Personal information
- Born: February 4, 1936 Cleveland, Ohio, U.S.
- Died: February 11, 2007 (aged 71) Cleveland, Ohio, U.S.
- Listed height: 6 ft 5 in (1.96 m)
- Listed weight: 240 lb (109 kg)

Career information
- High school: Cathedral Latin (Cleveland)
- College: Michigan State

Career history
- Boston Patriots (1960); Buffalo Bills (1960); Cleveland Bulldogs (1961–1962); Oakland Raiders (1963)*; Cleveland/Canton Bulldogs (1963–1964);
- * Offseason or practice squad member only

Career AFL statistics
- Games played: 8
- Stats at Pro Football Reference

= Tony Discenzo =

American football player (1936–2007)

Anthony Nicholas Discenzo Jr. (February 4, 1936 – February 11, 2007) was an American professional football offensive tackle who played one season in the American Football League (AFL) with the Boston Patriots and Buffalo Bills. He played college football at Michigan State University.
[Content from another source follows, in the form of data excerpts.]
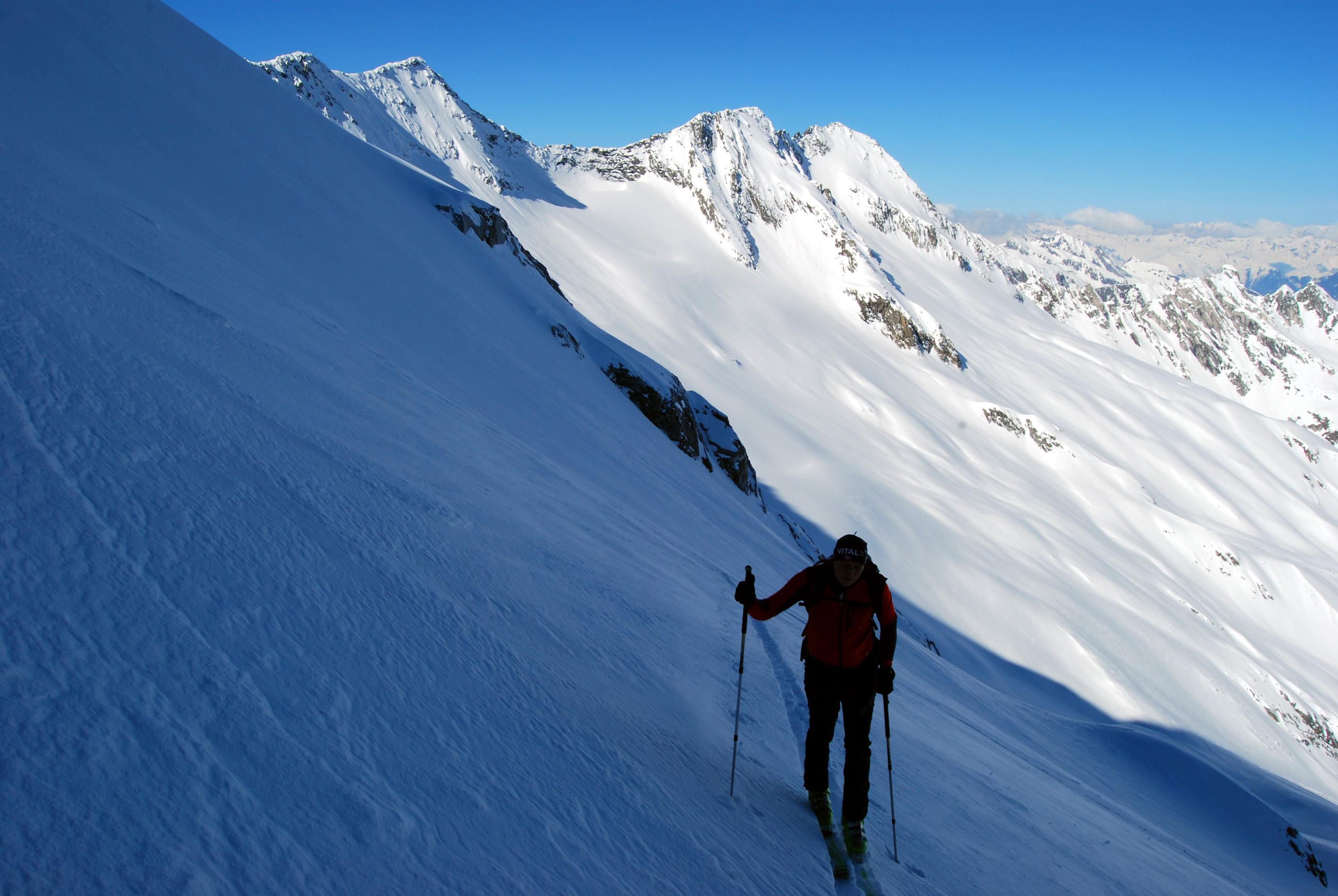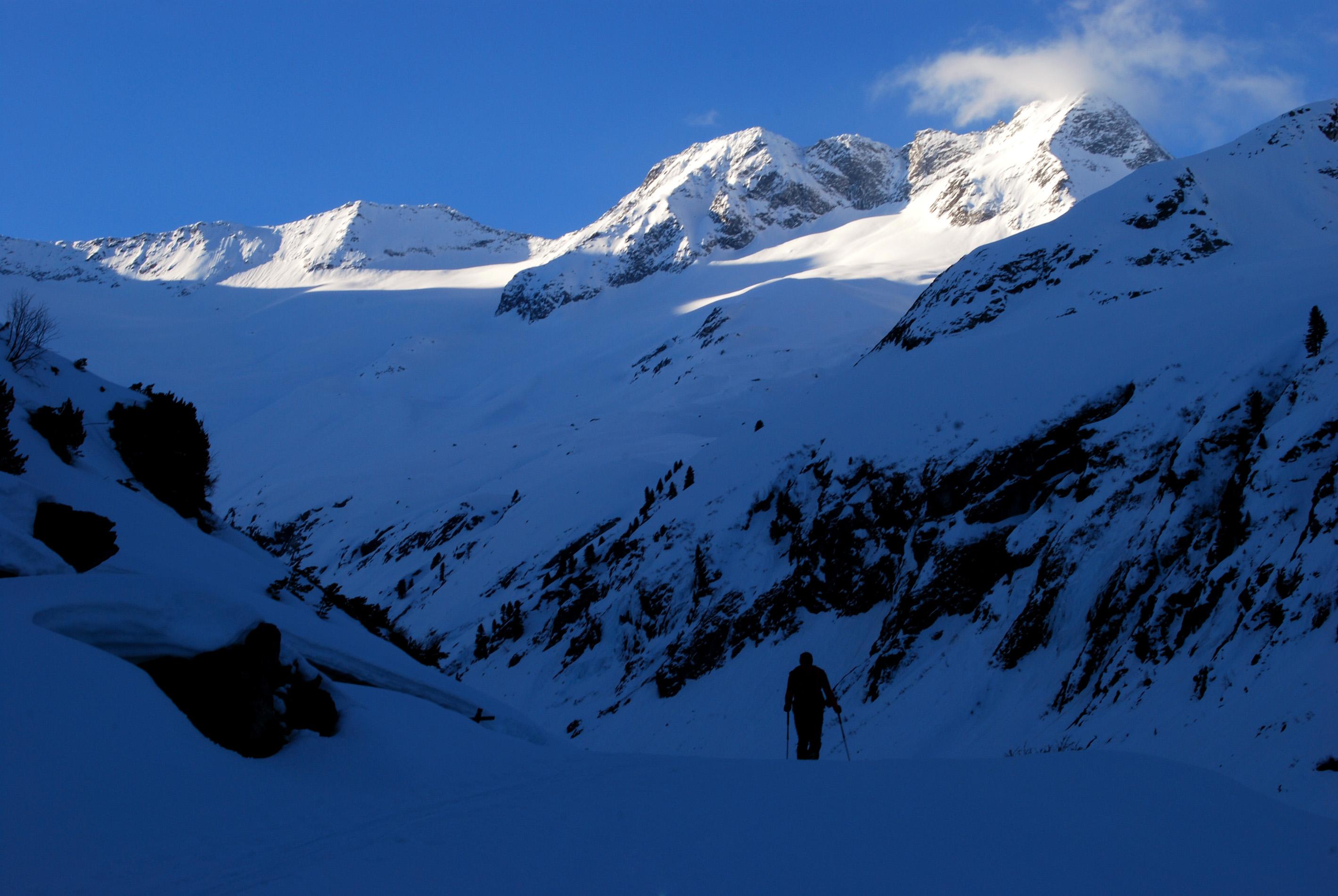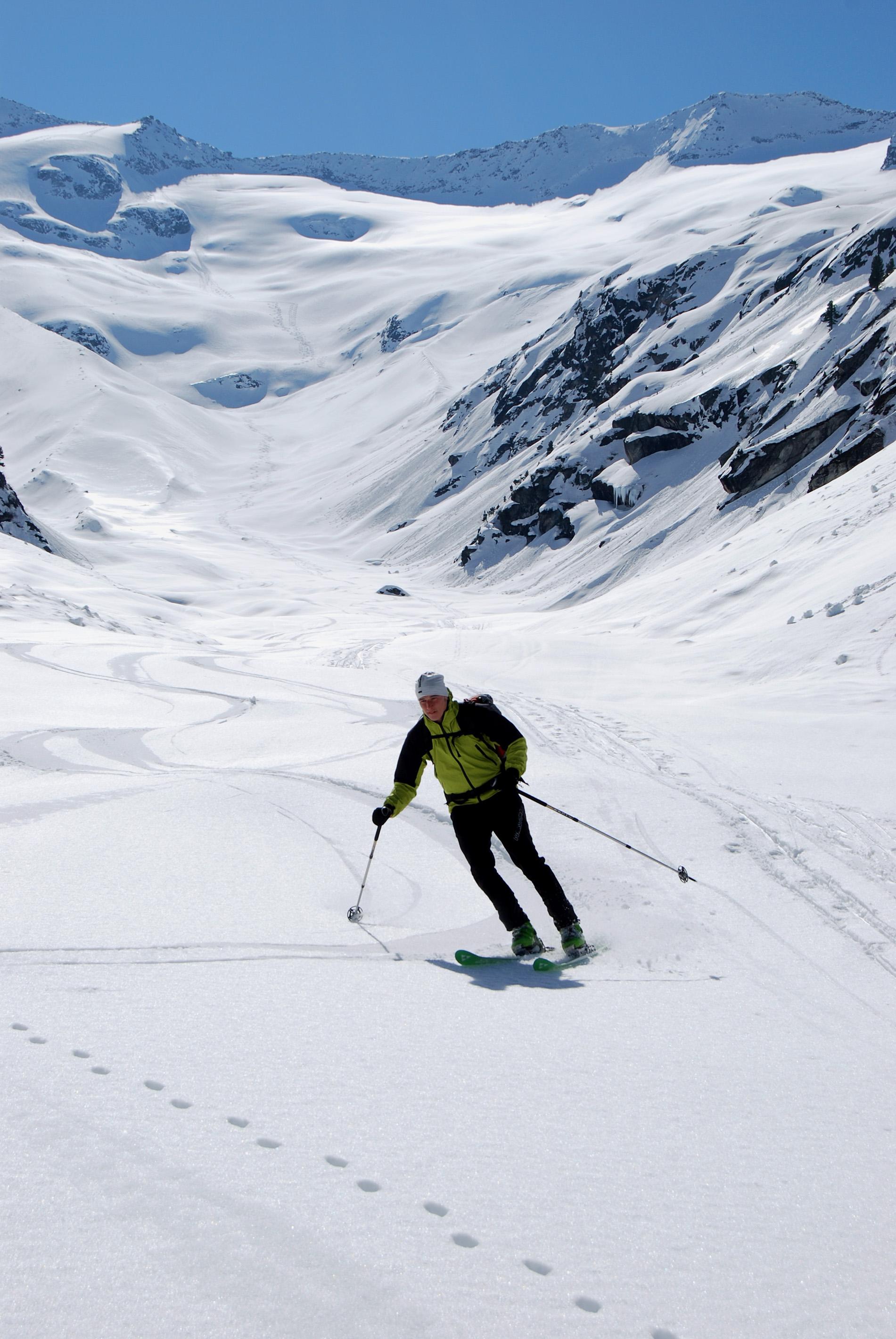Immer noch richtig viel Schnee im Zillertal. Die Langlaufloipe im Schönachtal wird auch noch fleißig gespurt. Landschaftlich und schifahrerisch ist die Schönachschneid eine wunderschöne Schitour. Die steilen Pulverhänge muß man sich aber mit einem langen Talhatscher erst verdienen.
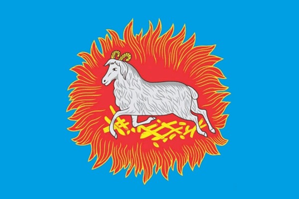 In an azure (light blue) field, a silver ram with golden horns, lying on golden brands; everything is engulfed in gules (red) with a thin golden border of flame.
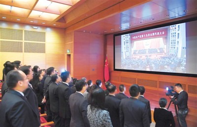 | 圖為當地時間10月17日晚,中國駐美國大使館全館人員在館內放映廳屏幕前觀看十九大開幕式。 |
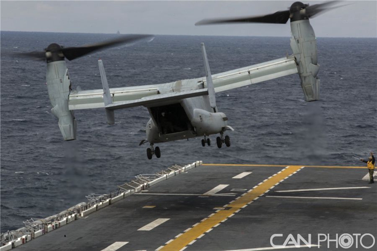 美CH-53E“超级种马”在航空母舰上进行甲板两栖运动

==Early life and college==
Anthony Nicholas Discenzo Jr. was born on February 4, 1936, in Cleveland, Ohio. He attended Cathedral Latin High School in Cleveland.

Discenzo played college football for the Michigan State Spartans of Michigan State University.

==Professional career==
Discenzo signed with the Boston Patriots of the American Football League (AFL) on March 8, 1960. He played in three games, all starts, for the Patriots during the AFL's inaugural 1960 season before being released on October 19, 1960.

Discenzo was signed by the Buffalo Bills of the AFL on November 10, 1960. He appeared in five games, starting two, for the Bills before being released on December 9, 1960.

Discenzo played for the Cleveland Bulldogs of the United Football League in 1961, punting 31 times for 1,036 yards while also converting 23 extra points and two field goals. He re-signed with the Bulldogs on July 27, 1962. During the 1962 season, he punted 40 times for a 34.8 yard average while scoring 19 extra points and four field goals.

Discenzo signed with the AFL's Oakland Raiders on March 30, 1963. He was later released on July 26, 1963.

Discenzo returned to the Bulldogs in 1963, converting 21 extra points and two field goals. He made one extra point for the newly-renamed Canton Bulldogs in 1964.

==Personal life==
Discenzo died on February 11, 2007, in Cleveland, Ohio.